Why is bacterial vaginosis dangerous?

The bacteria that cause inflammation in bacterial vaginosis are very sensitive to standard antibiotic treatment, and the disease is easily treatable. But if bacterial vaginosis is not treated, it can cause complications:

  • - inflammation of the uterus.
  • Salpingitis is inflammation of the fallopian tubes.
  • Adnexitis is inflammation of the uterine appendages (fallopian tubes and ovaries).
  • Infertility.

Bacterial vaginosis during pregnancy can lead to premature birth.

How to treat bacterial vaginosis?

If bacterial vaginosis appears for the first time:

  • Metronidazole 500 mg (Trichosept): one tablet 2 times a day for a week, or
  • Vaginal gel Metronidazole 0.75% (Rozex): insert one applicator into the vagina before bed for 5 days, or
  • Clindamycin vaginal cream 2% (Clindacin): insert one applicator into the vagina before bed for 7 days.

If bacterial vaginosis does not go away with the prescribed treatment, the gynecologist will prescribe an alternative treatment:

  • Tinidazole: 2g per day for 2 days, or 1g per day for 5 days, or
  • Clindamycin 300 mg: one tablet 2 times a day for a week.

Probiotics in the treatment of bacterial vaginosis

Probiotics are preparations that contain the same beneficial bacteria, which make up the normal microflora of the vagina and help protect against infections.

The following probiotics are used for bacterial vaginosis:

  • Gynoflor: vaginal tablets
  • Vagilak: tablets for oral administration

The regimen for taking probiotics for bacterial vaginosis is as follows:

  • 7 days of daily use
  • 7 days break
  • 7 days of re-appointment

This regimen of taking probiotics will avoid the return of infection several months after the end of antibacterial treatment. According to the manufacturers, taking these drugs is not prohibited during pregnancy and breastfeeding.

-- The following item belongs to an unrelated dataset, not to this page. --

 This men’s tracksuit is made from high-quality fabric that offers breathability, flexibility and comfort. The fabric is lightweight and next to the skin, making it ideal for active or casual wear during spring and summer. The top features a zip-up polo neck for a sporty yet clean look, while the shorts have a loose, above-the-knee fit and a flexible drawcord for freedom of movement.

Treatment of bacterial vaginosis during pregnancy

Bacterial vaginosis during pregnancy can cause it, so treatment is necessary. It is recommended to take medications prescribed to pregnant women from the second trimester of pregnancy (not earlier than 13 weeks):

  • Metronidazole 500 mg: one tablet 2 times a day for 7 days
  • Metronidazole 250 mg: one tablet 3 times a day for 7 days
  • Clindamycin 300 mg: one tablet 2 times a day for a week

Local treatment (vaginal ointments or creams) helps eliminate the symptoms of bacterial vaginosis, but does not reduce the risk of complications of the disease during pregnancy (premature birth).

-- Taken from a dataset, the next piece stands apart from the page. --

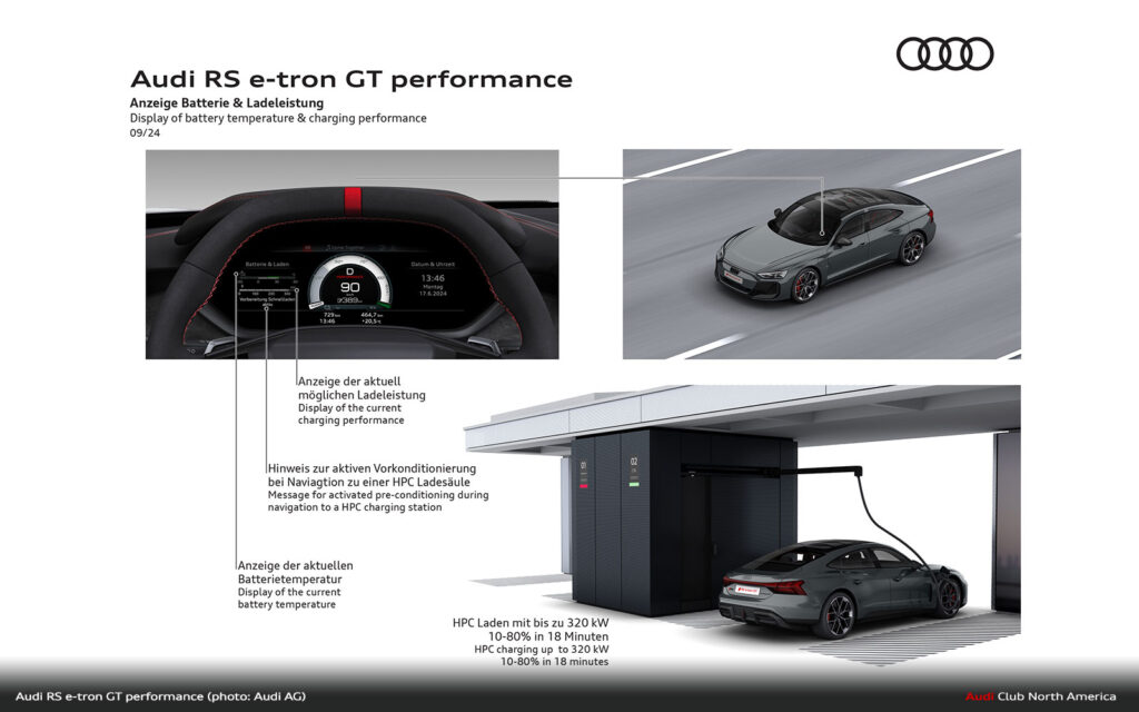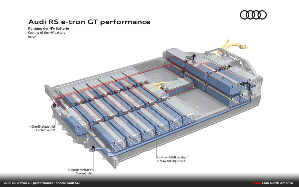 This is also the case when using the new push-to-pass function in the RS e-tron GT performance2, which provides a 70-kW increase in output at speeds above 30 km/h for up to ten seconds – as indicated by a timer in the virtual cockpit. When the driver activates push-to-pass, the battery uses the same map as for Launch Control. At the same time, the drive components automatically switch to the Audi drive select mode dynamic. After a minimum of ten seconds of regeneration, the function can be activated again. A new cooling plate with U-Flow architecture ensures homogeneous heat and cold transfer. The warmest cells in the HV battery always limit the charging current. At Audi, the guiding principle of “performance” also applies to the charging experience. The maximum charging power has been increased by 50 kW up to 320 kW. This allows the vehicle’s HV battery to charge from 10 to 80 percent in only 18 minutes at a high-power charging (HPC) station under ideal conditions.

Attention: These treatment regimens are indicative and may be changed by your doctor. Before using medications, be sure to consult your gynecologist!

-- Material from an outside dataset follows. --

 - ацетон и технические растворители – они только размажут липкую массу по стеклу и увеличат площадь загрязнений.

Does my husband (sexual partner) need treatment?

It is known that in 80% of men whose sexual partners suffer from bacterial vaginosis, the main causative agent of this disease is found in the urethra Gardnerella vaginalis and other bacteria. This means that the bacteria "move" from the vagina into the man's urethra during unprotected sex.

And, nevertheless, men should be treated No need. Numerous studies have shown that treatment of sexual partners does not affect the recovery of women and does not reduce the chances of relapse.

Treatment for your partner necessary if this is not the first time you have developed bacterial vaginosis, or if you have been diagnosed with sexually transmitted diseases.